▶ **Your goal**
From the line that includes "狮子灯的制作过程略微复杂和困" to the last line of the records that follow, copy every line exactly and nothing more, omitting pictures.

= Beginning of Section =

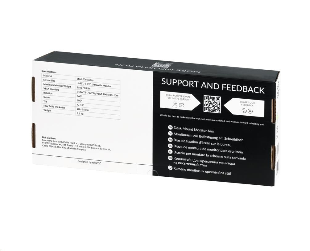 ARCTIC držák na monitor X1, ocel, matná černá
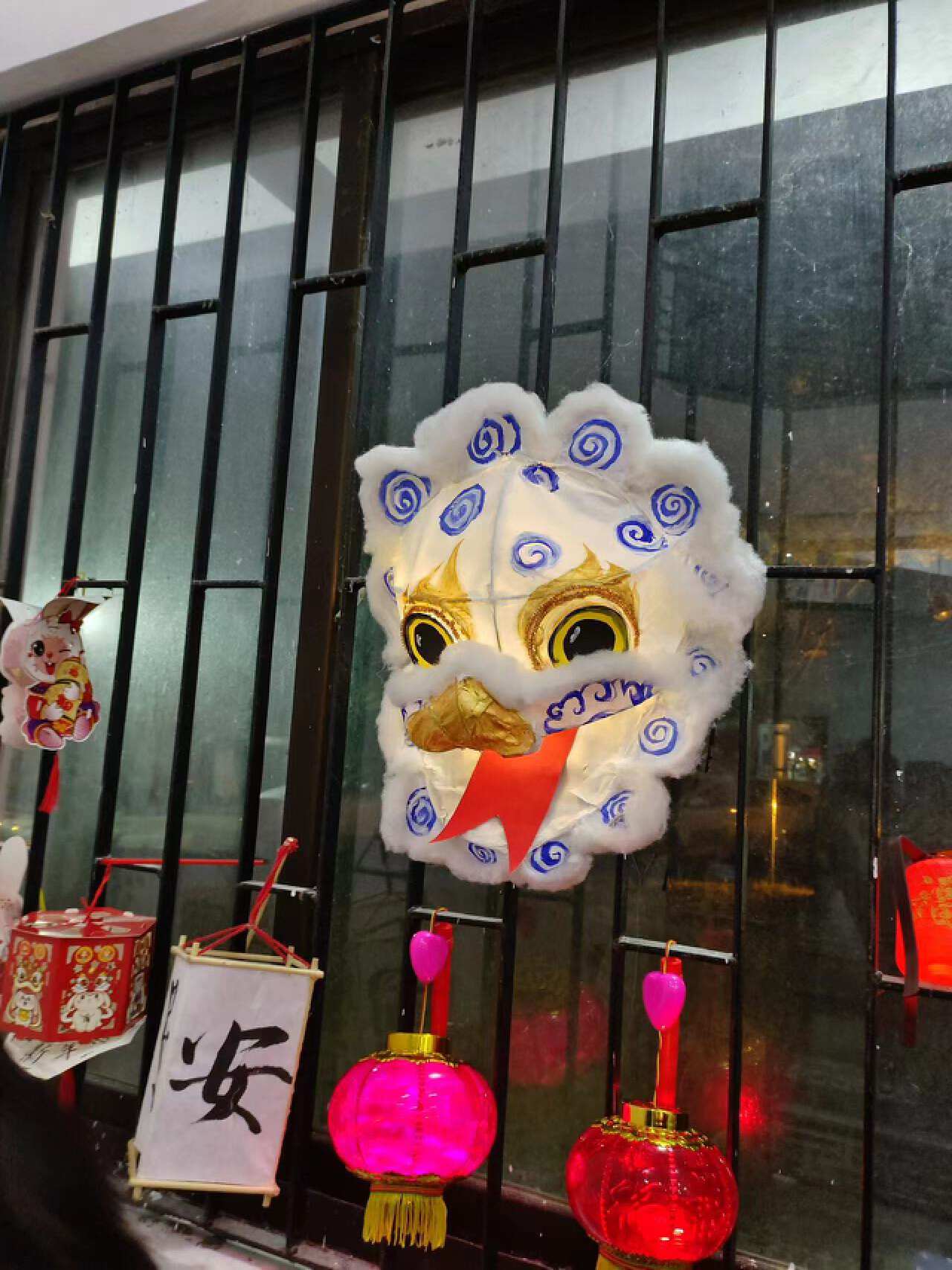 狮子灯的制作过程略微复杂和困难,制作时间也长达半个月,即使步骤繁杂,细致,负责的同学未曾放弃,最终完成了这个美轮美奂的狮子灯。更可喜可贺的是在学校的评选中获得了“最佳人气花灯”的美誉。
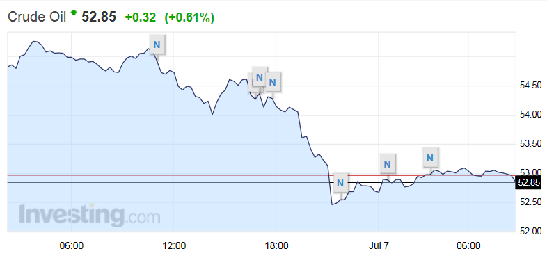 Το προθεσμιακό συμβόλαιο του αργού, παράδοσης Αυγούστου, ανακάμπτει 0,61% στα 52,85 δολάρια το βαρέλι και το Brent παράδοσης Αυγούστου ενισχύεται αυτήν την ώρα 0,48% στα 57,09 δολάρια το βαρέλι.
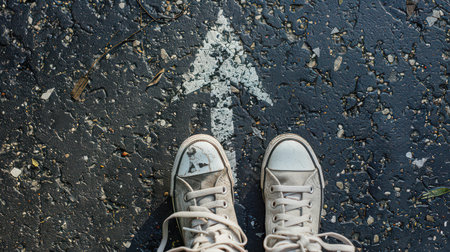 A pair of stylish sneakers rests on a textured pavement, surrounded by directional arrows painted in white. This image captures the essence of youth culture and decision-making, appealing to a Gen Z audience. ai generated.
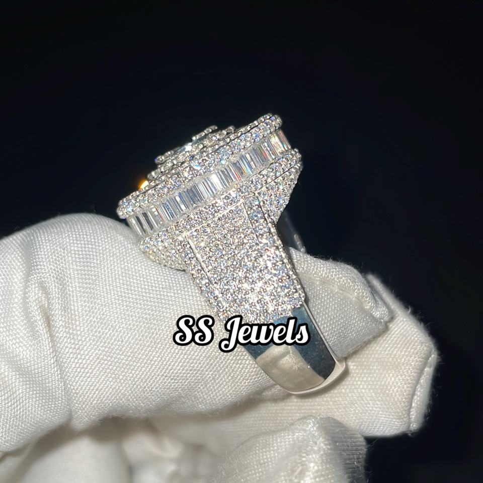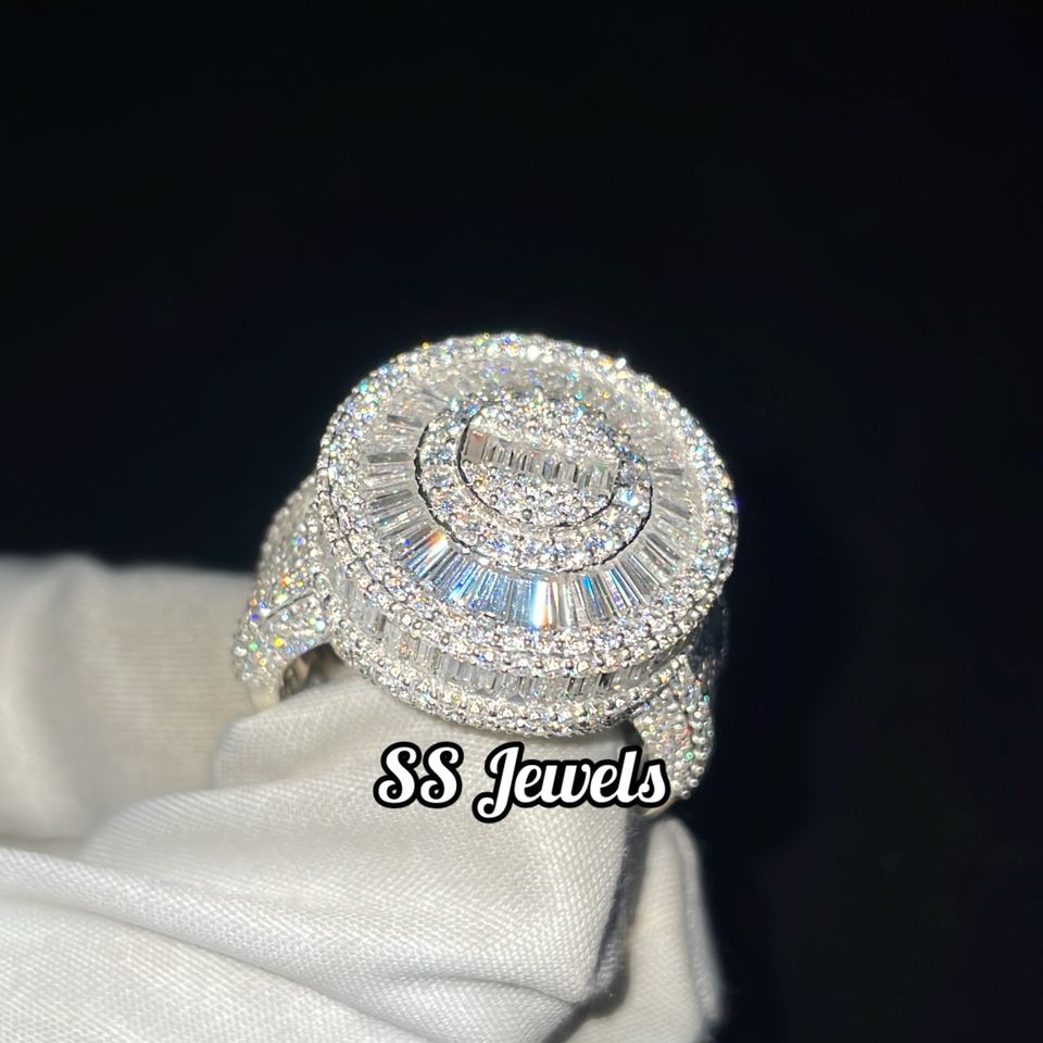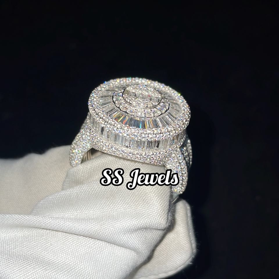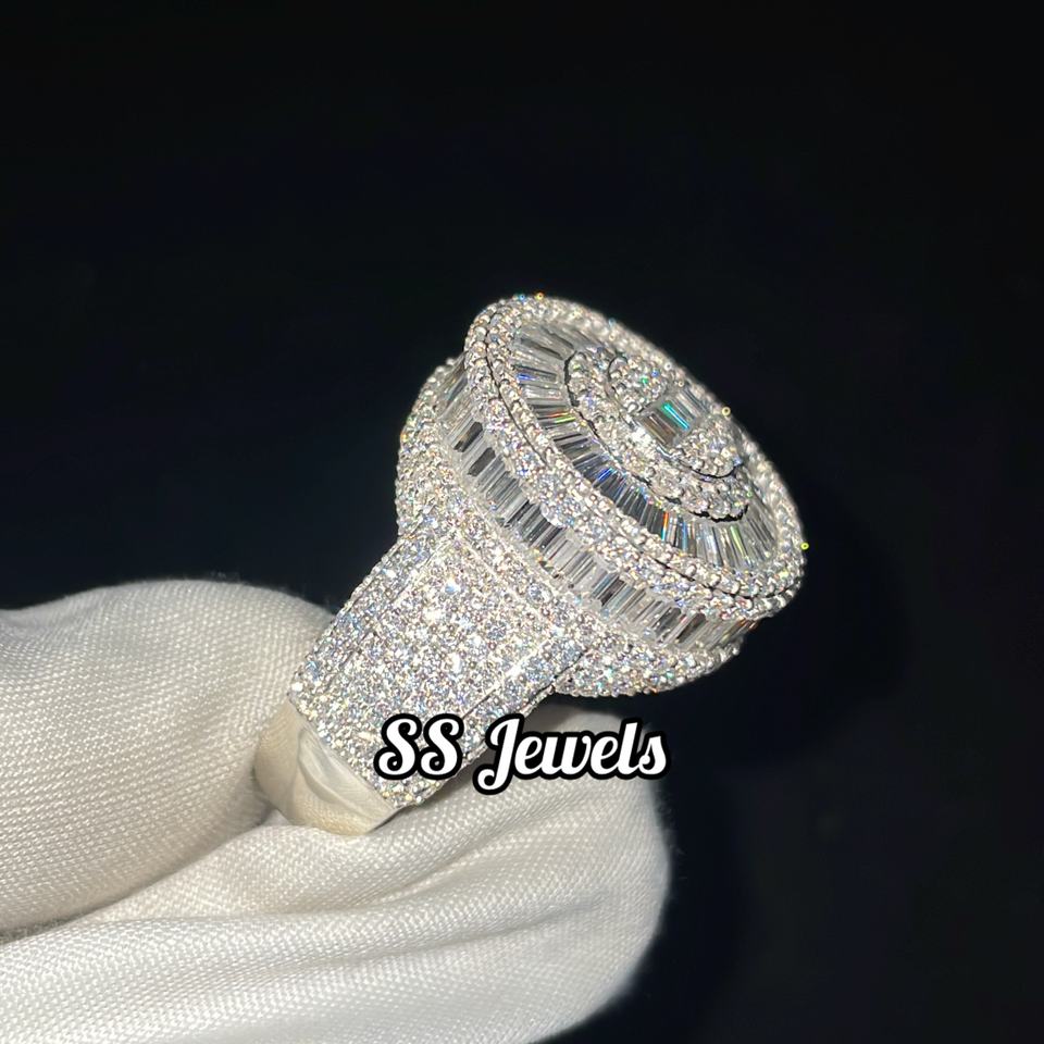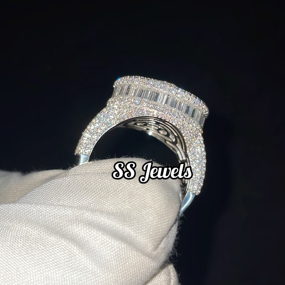 Unisex 925 Silver Rhodium Plated Hip Hop Moissanite VVS Iced Bustdown Baguette Channel Setting SS Jewels 15g Perfect Anniversary

= End of Section =

▶ **Reply to the exercise**
 狮子灯的制作过程略微复杂和困难,制作时间也长达半个月,即使步骤繁杂,细致,负责的同学未曾放弃,最终完成了这个美轮美奂的狮子灯。更可喜可贺的是在学校的评选中获得了“最佳人气花灯”的美誉。
 Το προθεσμιακό συμβόλαιο του αργού, παράδοσης Αυγούστου, ανακάμπτει 0,61% στα 52,85 δολάρια το βαρέλι και το Brent παράδοσης Αυγούστου ενισχύεται αυτήν την ώρα 0,48% στα 57,09 δολάρια το βαρέλι.
 A pair of stylish sneakers rests on a textured pavement, surrounded by directional arrows painted in white. This image captures the essence of youth culture and decision-making, appealing to a Gen Z audience. ai generated.
 Unisex 925 Silver Rhodium Plated Hip Hop Moissanite VVS Iced Bustdown Baguette Channel Setting SS Jewels 15g Perfect Anniversary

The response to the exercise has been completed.